The girl was crying of cause. To her, it was the end of the world. This horse was destroying all she had dreamed of and worked so hard to achieve. I get that. I really understand how awful it was for her to find herself in that position- but like it or not, she was riding a sentient being who suffered terrible abuse in her hands. She had no choice but to retire. He was literally dragged away, disappeared from the view of the camera and no vet was seen to examine him. Who knows what happened to him after that.
The whole competition was disgusting and highlighted all the worse behaviours that man can aim at horses in competition. Sadly there was more to come!!!!
In the Men’s showjumping section, we saw rider after rider ploughing their horses into fence after fence, burying them in too deep so the horses had no chance of clearing the fences. Overtly aggressive riding was to the fore, overuse of whip and spurs and tempers flared against the horses. The lack of skill at that level was a disgrace as we witnessed horses falling and struggling and getting hurt yet being made to carry on- all because the end game result was put before the welfare of the horses.
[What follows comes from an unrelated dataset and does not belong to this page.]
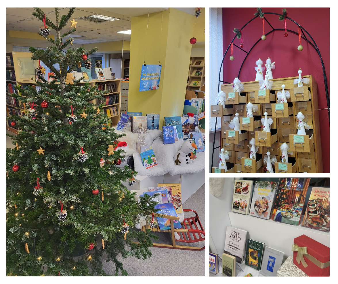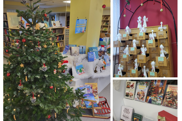 Kauno rajono savivaldybės viešoji biblioteka, pasipuošusi šventine nuotaika, džiaugiasi stebuklingu šv. Kalėdų pasauliu! Tarp knygų lentynų tyliai šnabžda Kalėdų istorijos, o languose žaismingai mirguliuoja žvaigždelės. Kiekvieną dieną čia gimsta nauji stebuklai: vieni kuria kalėdinius atvirukus, kiti savo rankomis gamina dekoracijas, treti dalyvauja jaukiose edukacijose. Mažieji skaitytojai rašo laiškus Kalėdų Seneliui, o vyresnieji mėgaujasi ramiais pokalbiais apie knygas.

As a competition, the Modern Pentathlon does not fall under the FEI umbrella so the horses were not, and are not, protected by any of the strict welfare guidelines nor veterinary protocols in place which protect the Eventing, Dressage and Showjumping horses. Under FEI rules if a horse falls it is retired. If the rider comes off, the rider is eliminated. There are strict rules governing the use (and overuse) of the whip and spurs and the misuse of the metal bit and reins attached to the bridle which sits inside the horse’s mouth. Not so with the Modern Pentathlon. Falling horses were not even checked over for injury! Even despite being winded by the fall, they were just mounted again and ridden on irrespectively as was witnessed in the World Games.
So now there is a huge hue and cry to stop using horses at all under the Olympic banner altogether. PETA has a huge petition on the go as we speak demanding this change in the rules. I don’t agree with this but I certainly do agree that The Modern Pentathlon has to make big changes. The horse section MUST be protected under the FEI rule book and veterinary care must be the same for these pooled horses as is present for the other equestrian sections.
Conflict behaviour (CB) is a response exhibited by animals that experience difficulty coping with mental or physical discomfort and is most often demonstrated as some form of resistance to handling or training cues and/or equipment.
These include wide eyed expression, open mouth behaviours, crossing the jaw, pulling down on the reins to gain release from pressure. Tail swishing at the feel of a disliked aid given by the rider. Avoidance behaviours will include reversing, bucking, rearing or threatening to rear, spinning and running backwards. Abject stress signs include wide eyes, flared nostrils, profuse sweating. Open mouth, very high head carriage, stiffness in the poll, neck or spine. The physiology shows increased heart and respiratory rates and heightened cortisol/adrenaline levels.
“In equestrian sport, Fédération Equestre Internationale (FEI) code of conduct for the welfare of the horse stipulates that “… horses must only undergo training that matches their physical capabilities and level of maturity for their respective disciplines.” What about the standard of the riders?